### What to do
Output the data word for word, dropping every image.

### Source data
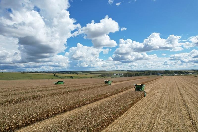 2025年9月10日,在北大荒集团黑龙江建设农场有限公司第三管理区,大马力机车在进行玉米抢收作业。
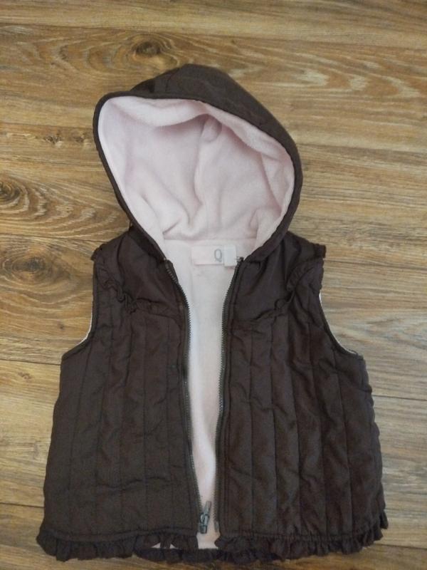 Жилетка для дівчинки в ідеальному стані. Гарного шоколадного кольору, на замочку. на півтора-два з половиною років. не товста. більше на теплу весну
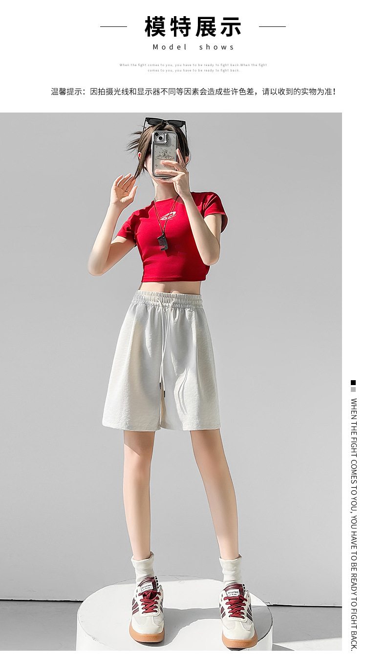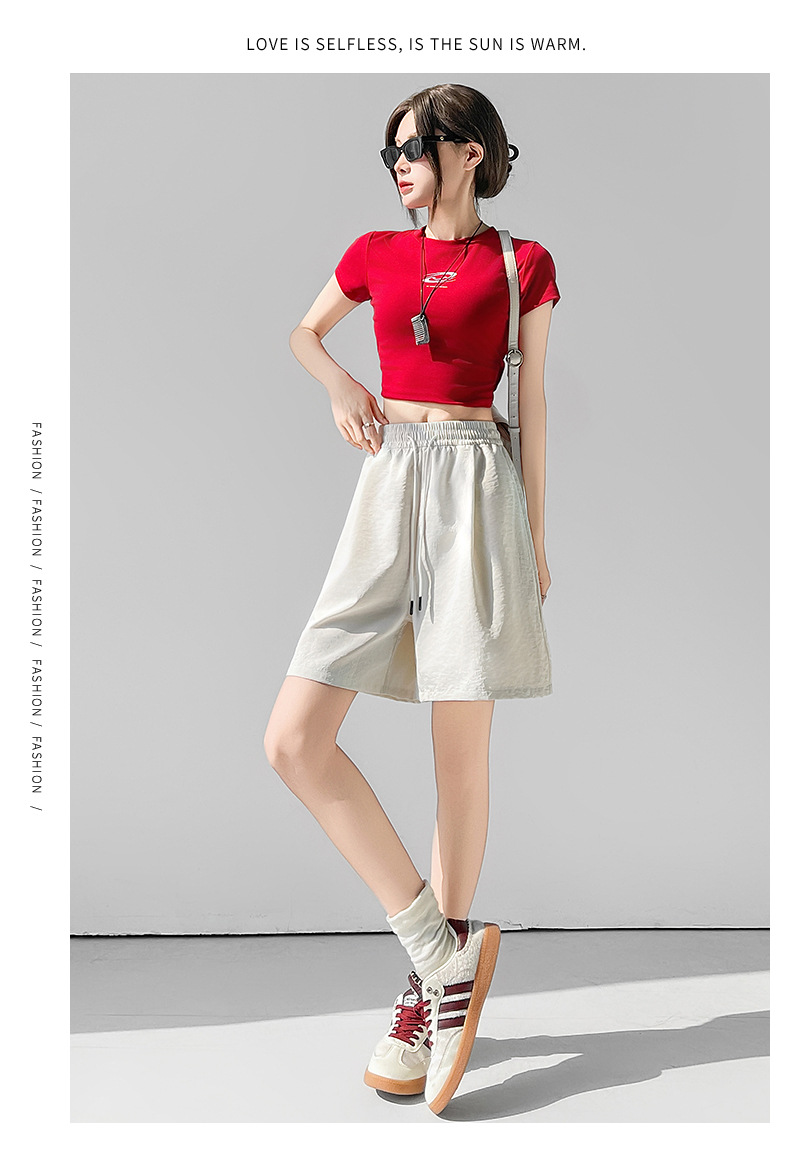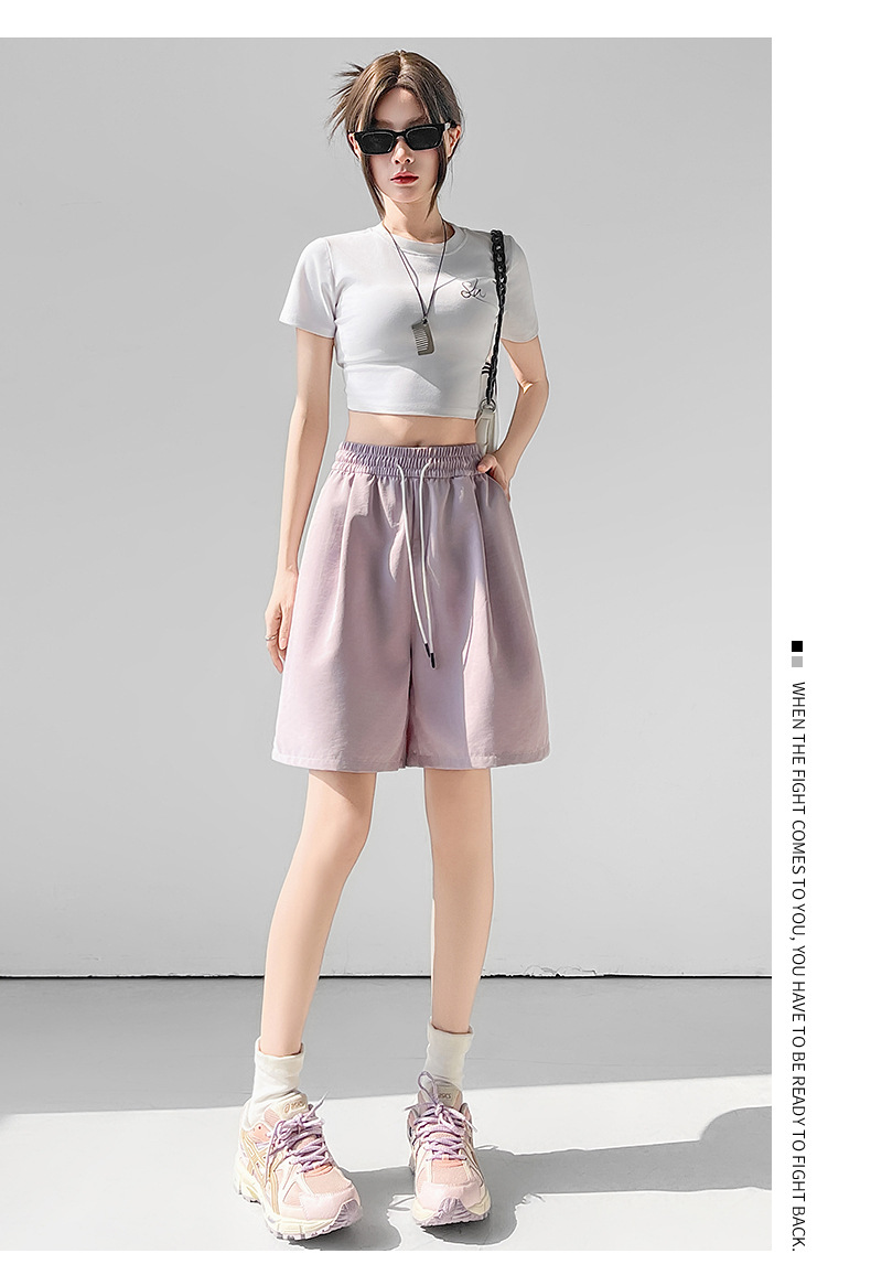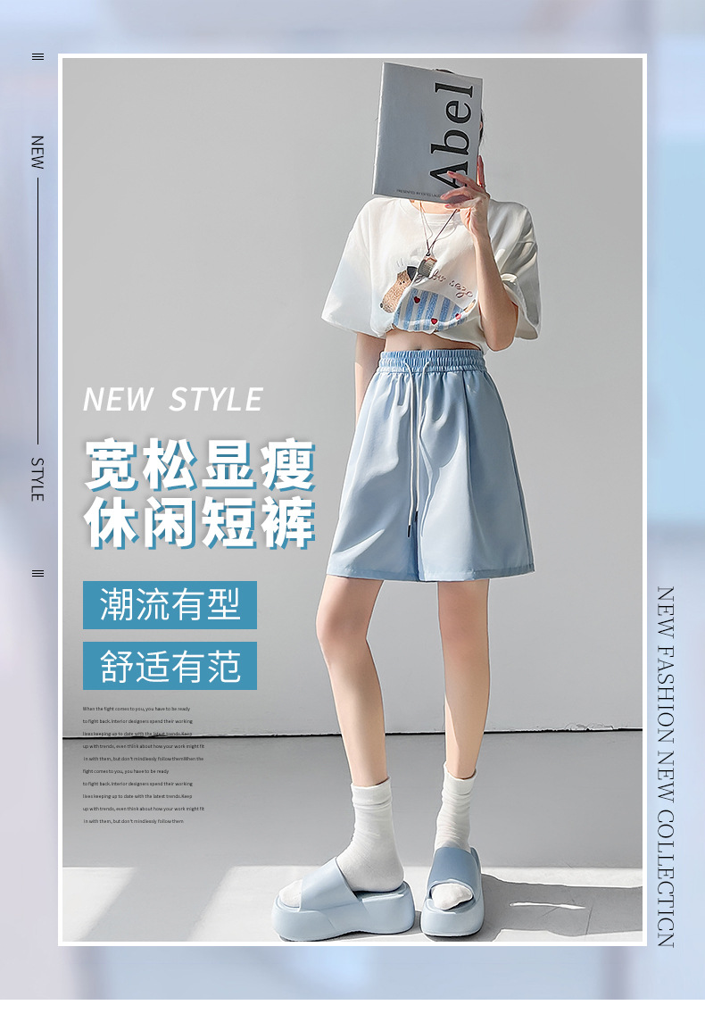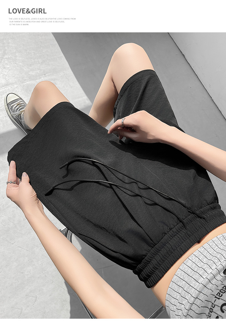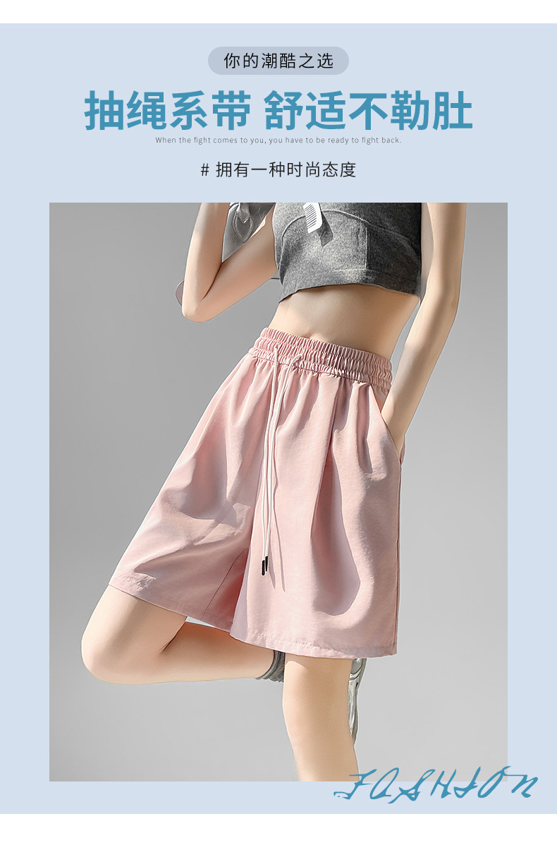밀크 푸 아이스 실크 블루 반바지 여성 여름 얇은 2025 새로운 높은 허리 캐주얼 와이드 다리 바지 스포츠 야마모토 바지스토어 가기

### Solution
 2025年9月10日,在北大荒集团黑龙江建设农场有限公司第三管理区,大马力机车在进行玉米抢收作业。
 Жилетка для дівчинки в ідеальному стані. Гарного шоколадного кольору, на замочку. на півтора-два з половиною років. не товста. більше на теплу весну
밀크 푸 아이스 실크 블루 반바지 여성 여름 얇은 2025 새로운 높은 허리 캐주얼 와이드 다리 바지 스포츠 야마모토 바지스토어 가기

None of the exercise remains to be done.